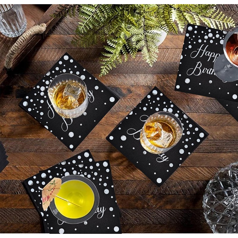 40pcs Black Silver Happy Birthday Napkins,Disposable Tableware Dinnerware Cocktail Napkins for Women and Men Birthday Party Decoration
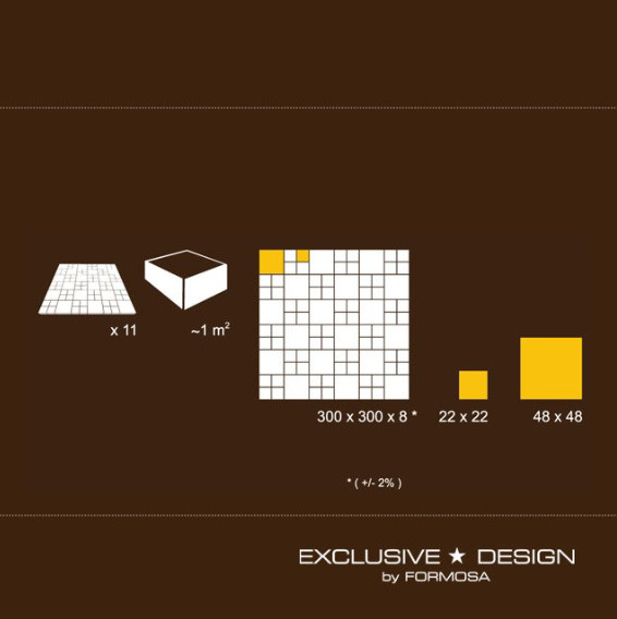 Instalare: Mozaicul Exclusive Design by Formosa este proiectat pentru a fi montat cu ușurință, oferind o adaptabilitate excelentă la diferite tipuri de substraturi. Instrucțiunile de montaj sunt clare și simplificate, facilitând procesul de instalare.
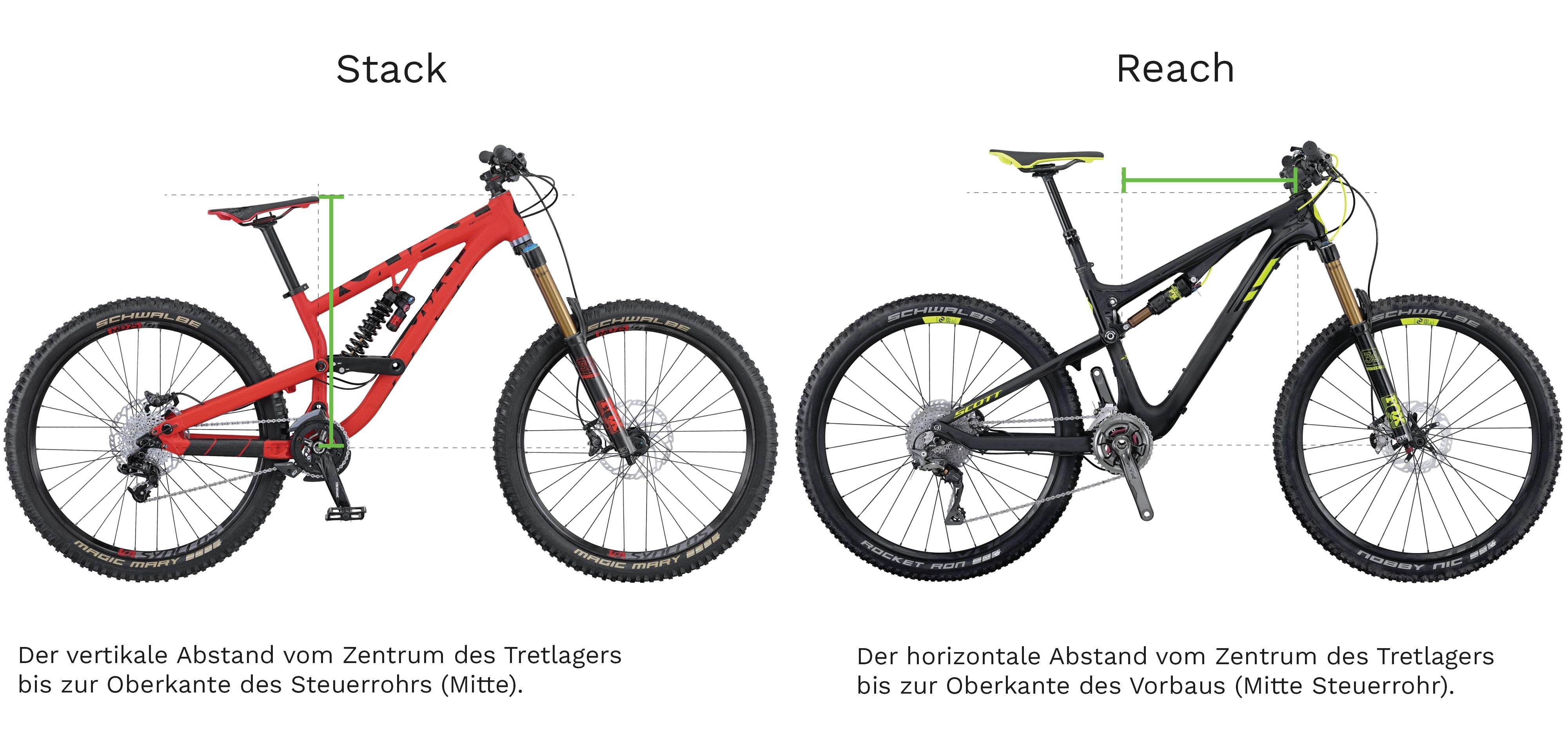 Ein längerer Stack bedeutet eine aufrechtere und somit entspanntere Haltung. Das Vorderrad hebt jedoch leichter ab. Ein kürzerer Stack bringt durch die gebeugtere und sportlichere Haltung mehr Druck auf das Vorderrand. Bei der Bergfahrt erleichtert dir eine aufrechte Haltung die Atmung, jedoch ist bei der sportlich gebeugten Haltung das „runter treten“ ergonomischer.
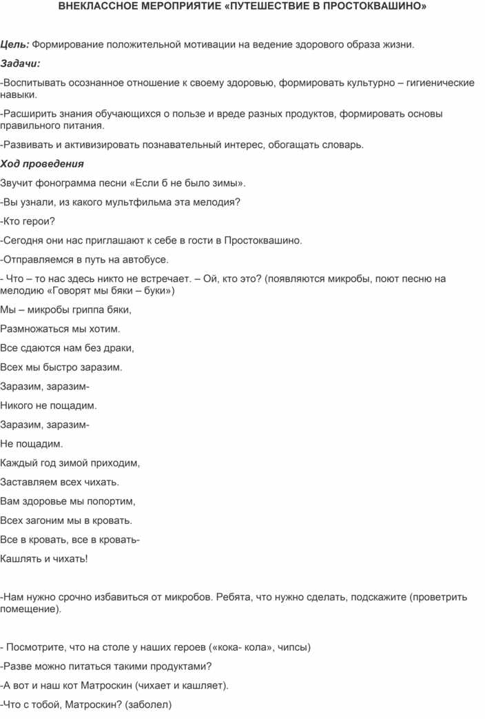 ВНЕКЛАССНОЕ МЕРОПРИЯТИЕ «ПУТЕШЕСТВИЕ В ПРОСТОКВАШИНО»
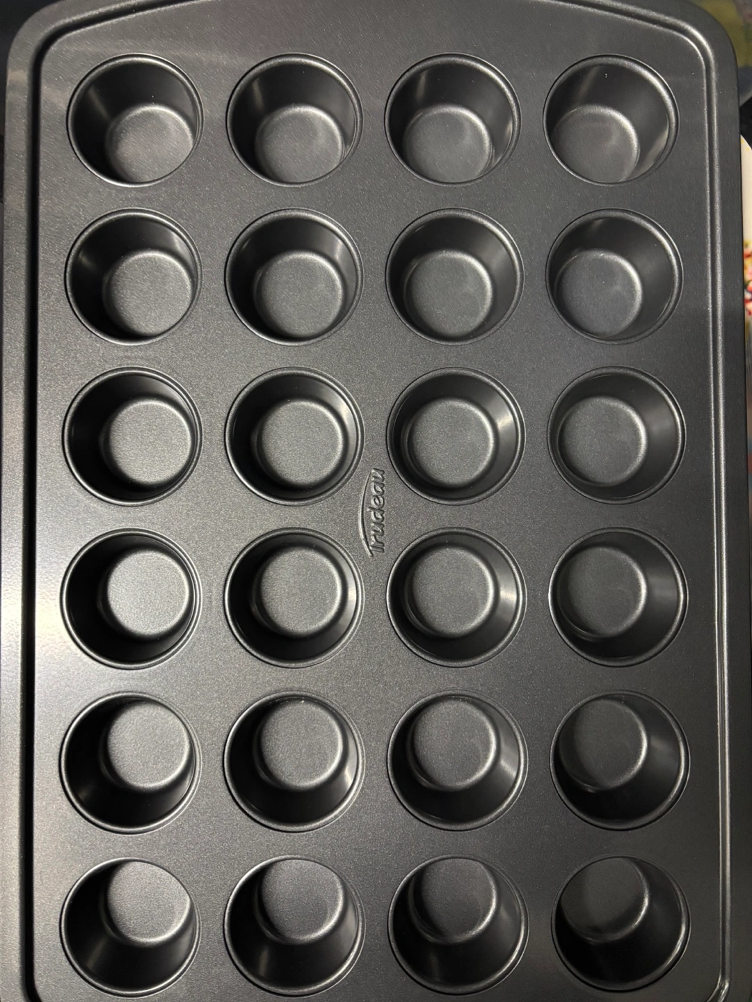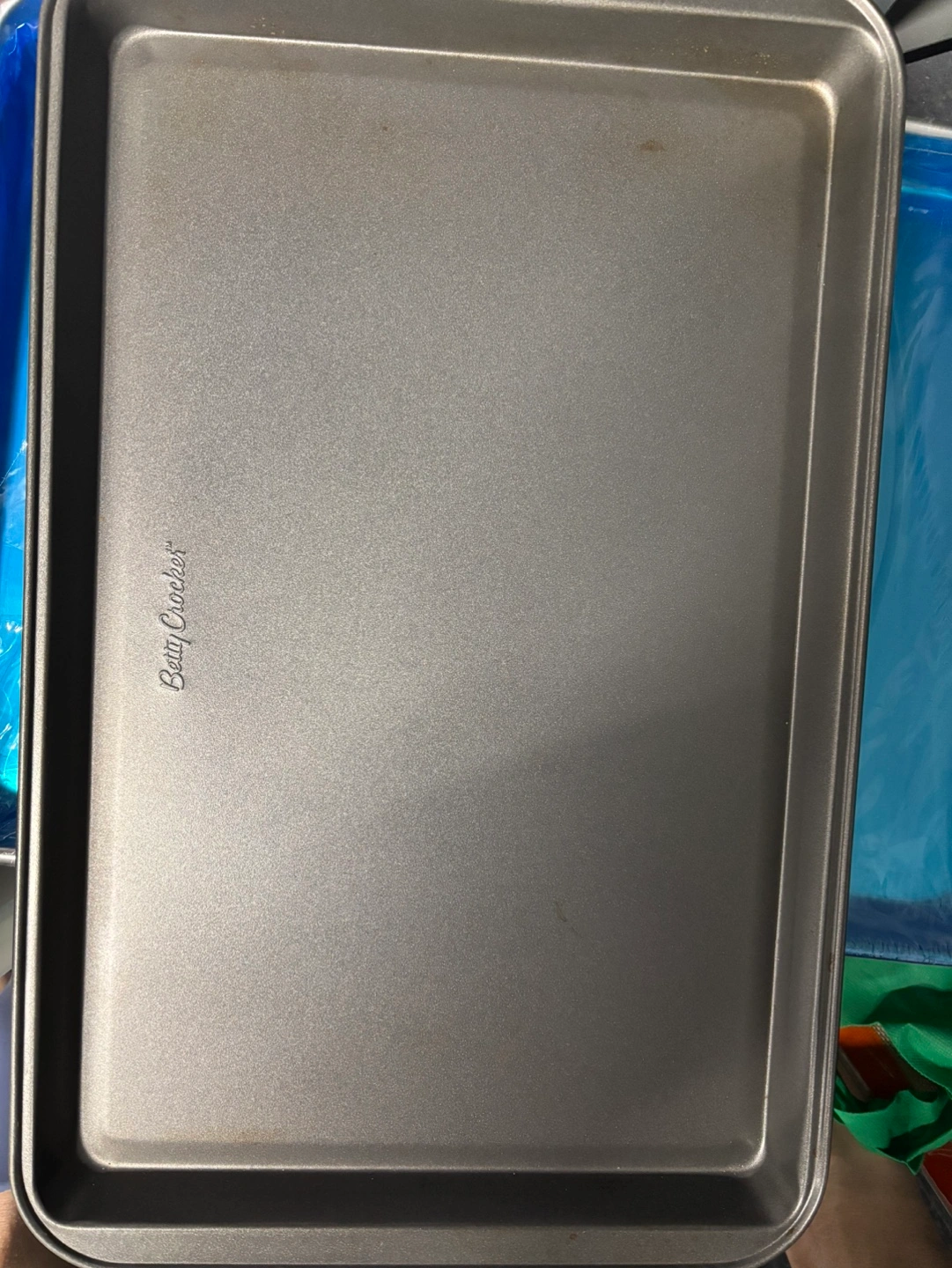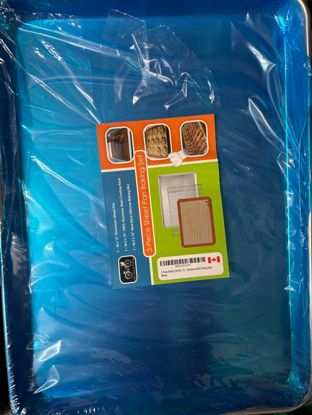 Four baking pans included. Wilton 12-cavity brownie pan, Baker's Choice baking sheet, and a three-piece baking set with a baking sheet, cooling rack, and silicone baking mat. Great for all your baking needs. That first picture is already $20 plus tax at bulk and barn
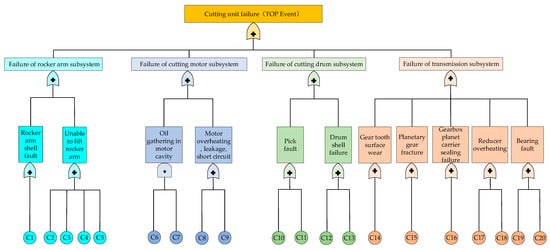 A fault tree model is an effective method to analyze the relationship between the top event and bottom events in the quantitative method [27]. The fault tree analysis of the shearer-cutting unit mainly includes constructing the fault tree model of the cutting unit and evaluating the probability of the bottom events.
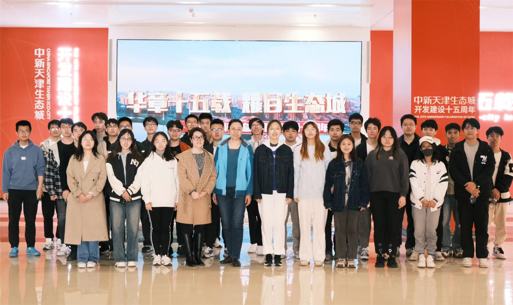 3月22日下午,调研团继续前往中新天津生态城参观访问。中新天津生态城是中国和新加坡两国政府间项目,旨在打造一座生态友好、社会和谐、资源节约的可持续发展的生态城市。首先,调研团参观了“中新天津生态城开发建设十五周年展”。讲解员全面介绍了生态城建设情况,展现了15年间,该区域从三分之一盐碱荒滩、三分之一废弃盐田、三分之一污染水体到我国首个国家绿色发展示范区的蜕变,讲解员还从污水治理、海绵城市、花园城市等多个视角进行了细化讲述,展现了生态城在建设可持续发展城市方面取得的卓越成就。接下来,调研团先后前往生态城垃圾气力输送站和集中供冷热站参观,了解了垃圾再循环、清洁能源、智慧供热等方面的先进技术。中新天津生态城的参访加深了同学们对绿色生态、低碳、智慧城市等理念的理解。
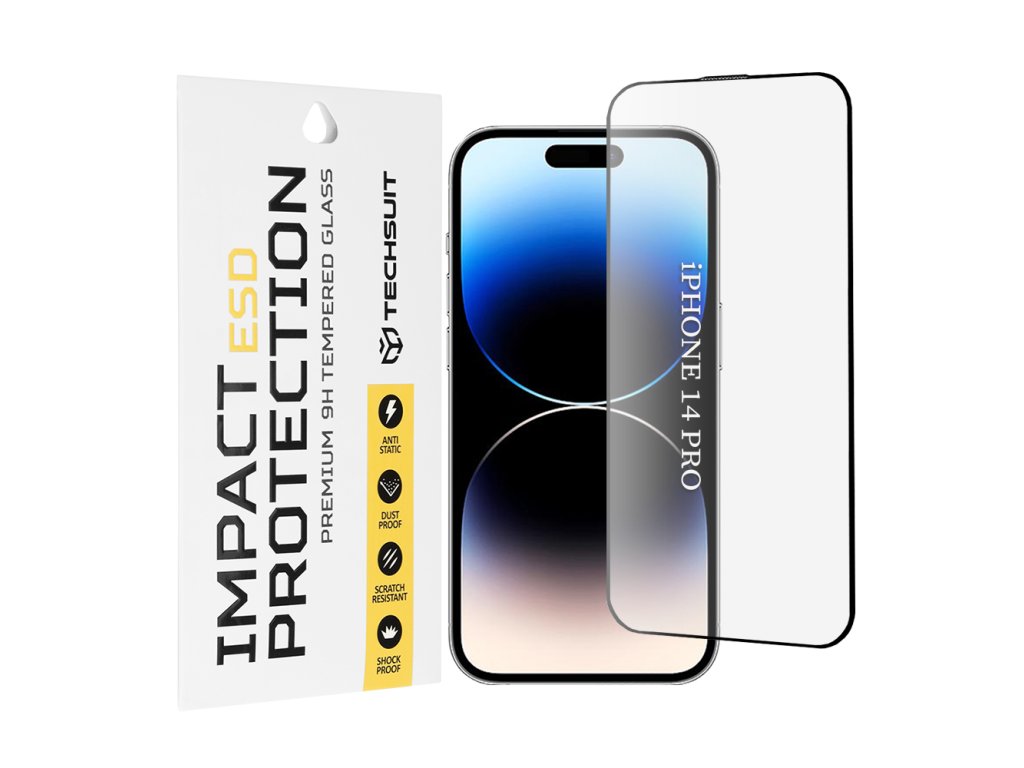 Techsuit – ESD ochranné tvrdené sklo na iPhone 14 Pro – čierne
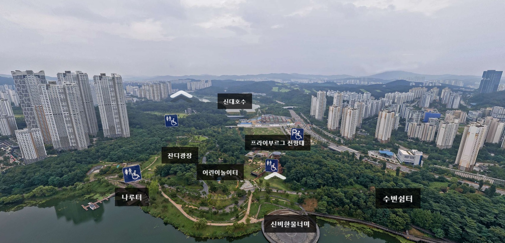 이용자는 화면 하단의 생략도(섬네일)를 선택해 직접 원하는 지점으로 이동할 수 있으며, 드론을 이용해 촬영한 ‘항공 VR’ 콘텐츠로 관광지의 전경도 감상할 수 있다.
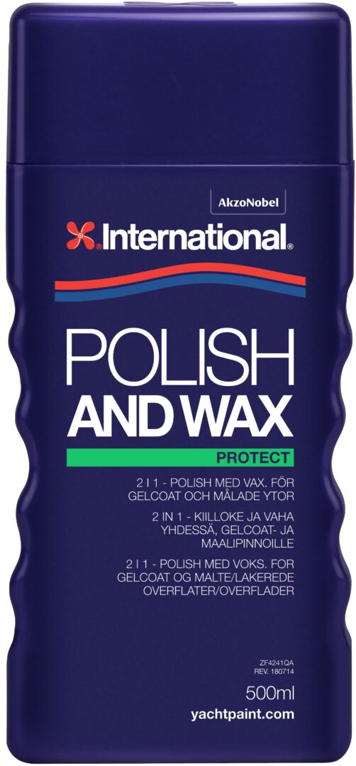 Polish and Wax on puhdistusaine, kiilloke ja vaha samassa tuotteessa. Puhdistaa, kiillottaa ja vahaa nopeasti ja helposti hapettuneen gelcoatin ja maalatut pinnat.<br />Ei sisällä silikoniöljyjä. Käsi- tai koneelliseen käyttöön (800 1000 r/min).<br />• Nopea ja helppokäyttöinen.<br />• Erinomainen isoille pinnoille.<br />• Erittäin kiiltävä lopputulos.<br />• Ei värjää naarmuja<br />• Sopii myös autoille, matkailuvaunuille ja puutarhakalusteille<br />• Mieto tuoksu.<br /><br /><br />KÄYTTÖOHJE<br />Esikäsittely:<br />Puhdista pinta Super Cleanerillä ja makealla vedellä. Anna kuivua.<br /><br />Menetelmä:<br />Levitä Polish and Wax puhtaalla, kuivalla rätillä. Kiillota pyörivin liikkein. Kiillota rätillä tai koneella, kunnes haluttu kiilto on <br />saavutettu. Vaihda rättiä usein.<br /><br />Vihjeitä:<br />Sekoitus - Ravistettava ennen käyttöä.<br /><br />Tärkeitä tietoja:<br />Tuotteen lämpötilan on oltava vähintään 5 °C ja enintään 35 °C.<br />Ympäristön lämpötilan on oltava vähintään 5 °C ja enintään 35 °C.<br />Alustan lämpötilan on oltava vähintään 5 °C ja enintään 35 °C.<br /><br />Yhteensopivuus/Alustat:<br />Sopii gelcoatille ja maalatuille pinnoille.<br /><br />Levitysmenetelmät:<br />Rätti tai kone.
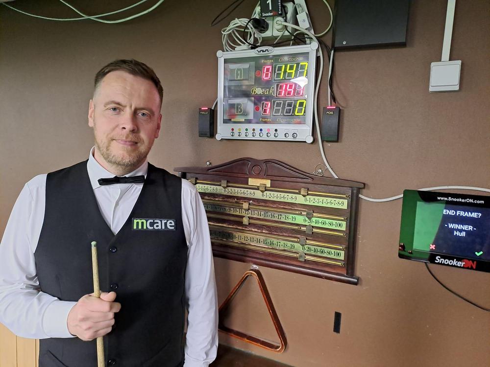 Suomen mestari 2023 on Robin Hull, jälleen kerran, pelin jälkeen tulostaululla Robin 4-1 Heikki.
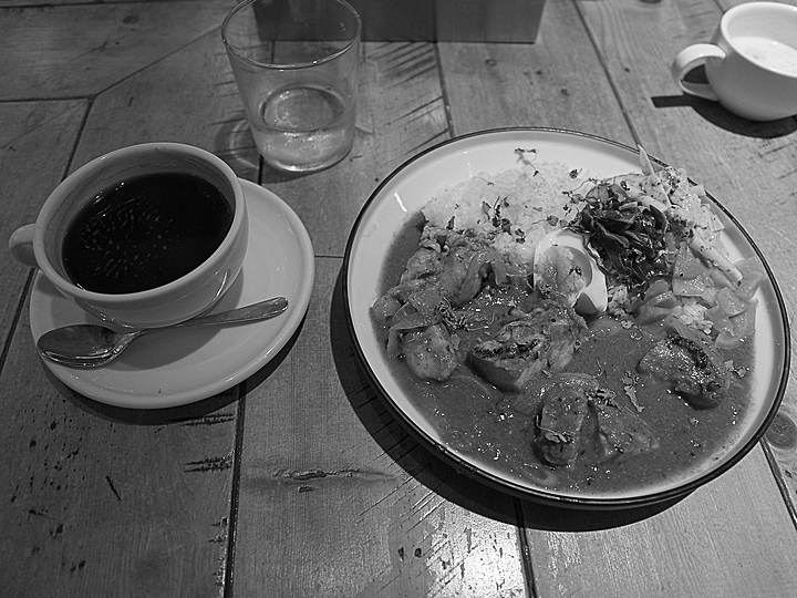 昼食は喫茶店でチキンカレーなど。肉がゴロゴロ入っていて、量が多かったです。
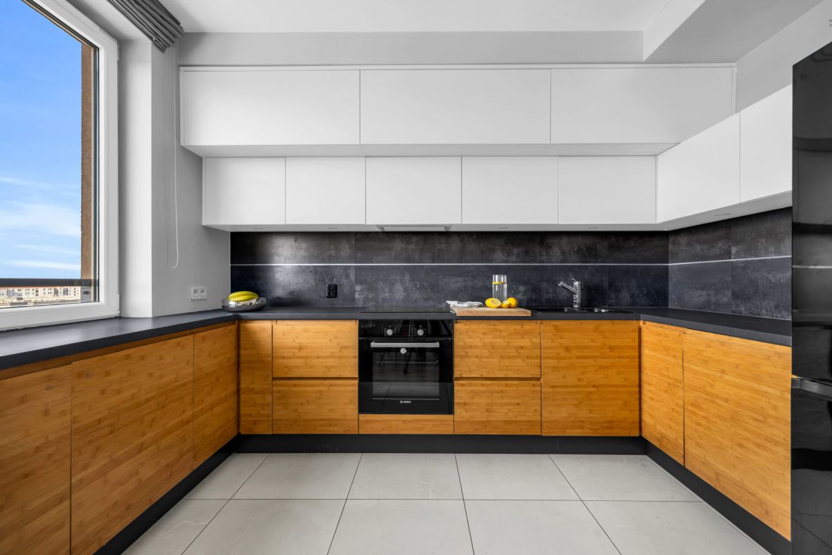 - Salon z otwartą kuchnią - otwarta, słoneczna przestrzeń z dużymi oknami, wyposażona w klimatyzację. Roztacza się stąd niesamowity widok na południowo-zachodnią część Warszawy, w tym Stadion Narodowy oraz pełną panoramę wieżowców w Śródmieściu (Skyline).
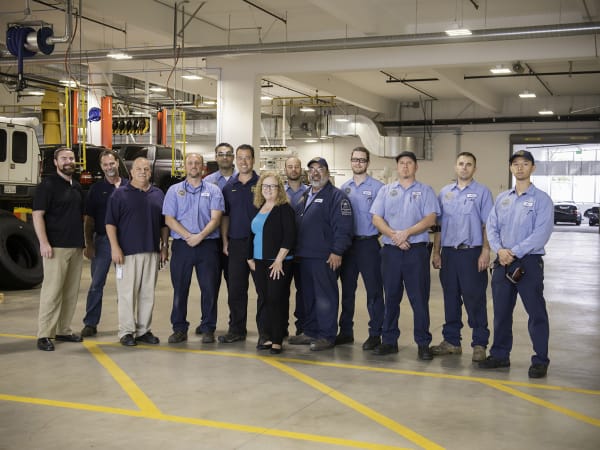 Pictured are fleet staff who work at the new facility, including the day's facility tour guides Brad Northup (far left), John Manring, (third from left), and Sharyl Blackington (center).

## Your goal
Retype the material above exactly, images excluded.

## Solution to this problem
 40pcs Black Silver Happy Birthday Napkins,Disposable Tableware Dinnerware Cocktail Napkins for Women and Men Birthday Party Decoration
 Instalare: Mozaicul Exclusive Design by Formosa este proiectat pentru a fi montat cu ușurință, oferind o adaptabilitate excelentă la diferite tipuri de substraturi. Instrucțiunile de montaj sunt clare și simplificate, facilitând procesul de instalare.
 Ein längerer Stack bedeutet eine aufrechtere und somit entspanntere Haltung. Das Vorderrad hebt jedoch leichter ab. Ein kürzerer Stack bringt durch die gebeugtere und sportlichere Haltung mehr Druck auf das Vorderrand. Bei der Bergfahrt erleichtert dir eine aufrechte Haltung die Atmung, jedoch ist bei der sportlich gebeugten Haltung das „runter treten“ ergonomischer.
 ВНЕКЛАССНОЕ МЕРОПРИЯТИЕ «ПУТЕШЕСТВИЕ В ПРОСТОКВАШИНО»
 Four baking pans included. Wilton 12-cavity brownie pan, Baker's Choice baking sheet, and a three-piece baking set with a baking sheet, cooling rack, and silicone baking mat. Great for all your baking needs. That first picture is already $20 plus tax at bulk and barn
 A fault tree model is an effective method to analyze the relationship between the top event and bottom events in the quantitative method [27]. The fault tree analysis of the shearer-cutting unit mainly includes constructing the fault tree model of the cutting unit and evaluating the probability of the bottom events.
 3月22日下午,调研团继续前往中新天津生态城参观访问。中新天津生态城是中国和新加坡两国政府间项目,旨在打造一座生态友好、社会和谐、资源节约的可持续发展的生态城市。首先,调研团参观了“中新天津生态城开发建设十五周年展”。讲解员全面介绍了生态城建设情况,展现了15年间,该区域从三分之一盐碱荒滩、三分之一废弃盐田、三分之一污染水体到我国首个国家绿色发展示范区的蜕变,讲解员还从污水治理、海绵城市、花园城市等多个视角进行了细化讲述,展现了生态城在建设可持续发展城市方面取得的卓越成就。接下来,调研团先后前往生态城垃圾气力输送站和集中供冷热站参观,了解了垃圾再循环、清洁能源、智慧供热等方面的先进技术。中新天津生态城的参访加深了同学们对绿色生态、低碳、智慧城市等理念的理解。
 Techsuit – ESD ochranné tvrdené sklo na iPhone 14 Pro – čierne
 이용자는 화면 하단의 생략도(섬네일)를 선택해 직접 원하는 지점으로 이동할 수 있으며, 드론을 이용해 촬영한 ‘항공 VR’ 콘텐츠로 관광지의 전경도 감상할 수 있다.
 Polish and Wax on puhdistusaine, kiilloke ja vaha samassa tuotteessa. Puhdistaa, kiillottaa ja vahaa nopeasti ja helposti hapettuneen gelcoatin ja maalatut pinnat.<br />Ei sisällä silikoniöljyjä. Käsi- tai koneelliseen käyttöön (800 1000 r/min).<br />• Nopea ja helppokäyttöinen.<br />• Erinomainen isoille pinnoille.<br />• Erittäin kiiltävä lopputulos.<br />• Ei värjää naarmuja<br />• Sopii myös autoille, matkailuvaunuille ja puutarhakalusteille<br />• Mieto tuoksu.<br /><br /><br />KÄYTTÖOHJE<br />Esikäsittely:<br />Puhdista pinta Super Cleanerillä ja makealla vedellä. Anna kuivua.<br /><br />Menetelmä:<br />Levitä Polish and Wax puhtaalla, kuivalla rätillä. Kiillota pyörivin liikkein. Kiillota rätillä tai koneella, kunnes haluttu kiilto on <br />saavutettu. Vaihda rättiä usein.<br /><br />Vihjeitä:<br />Sekoitus - Ravistettava ennen käyttöä.<br /><br />Tärkeitä tietoja:<br />Tuotteen lämpötilan on oltava vähintään 5 °C ja enintään 35 °C.<br />Ympäristön lämpötilan on oltava vähintään 5 °C ja enintään 35 °C.<br />Alustan lämpötilan on oltava vähintään 5 °C ja enintään 35 °C.<br /><br />Yhteensopivuus/Alustat:<br />Sopii gelcoatille ja maalatuille pinnoille.<br /><br />Levitysmenetelmät:<br />Rätti tai kone.
 Suomen mestari 2023 on Robin Hull, jälleen kerran, pelin jälkeen tulostaululla Robin 4-1 Heikki.
 昼食は喫茶店でチキンカレーなど。肉がゴロゴロ入っていて、量が多かったです。
 - Salon z otwartą kuchnią - otwarta, słoneczna przestrzeń z dużymi oknami, wyposażona w klimatyzację. Roztacza się stąd niesamowity widok na południowo-zachodnią część Warszawy, w tym Stadion Narodowy oraz pełną panoramę wieżowców w Śródmieściu (Skyline).
 Pictured are fleet staff who work at the new facility, including the day's facility tour guides Brad Northup (far left), John Manring, (third from left), and Sharyl Blackington (center).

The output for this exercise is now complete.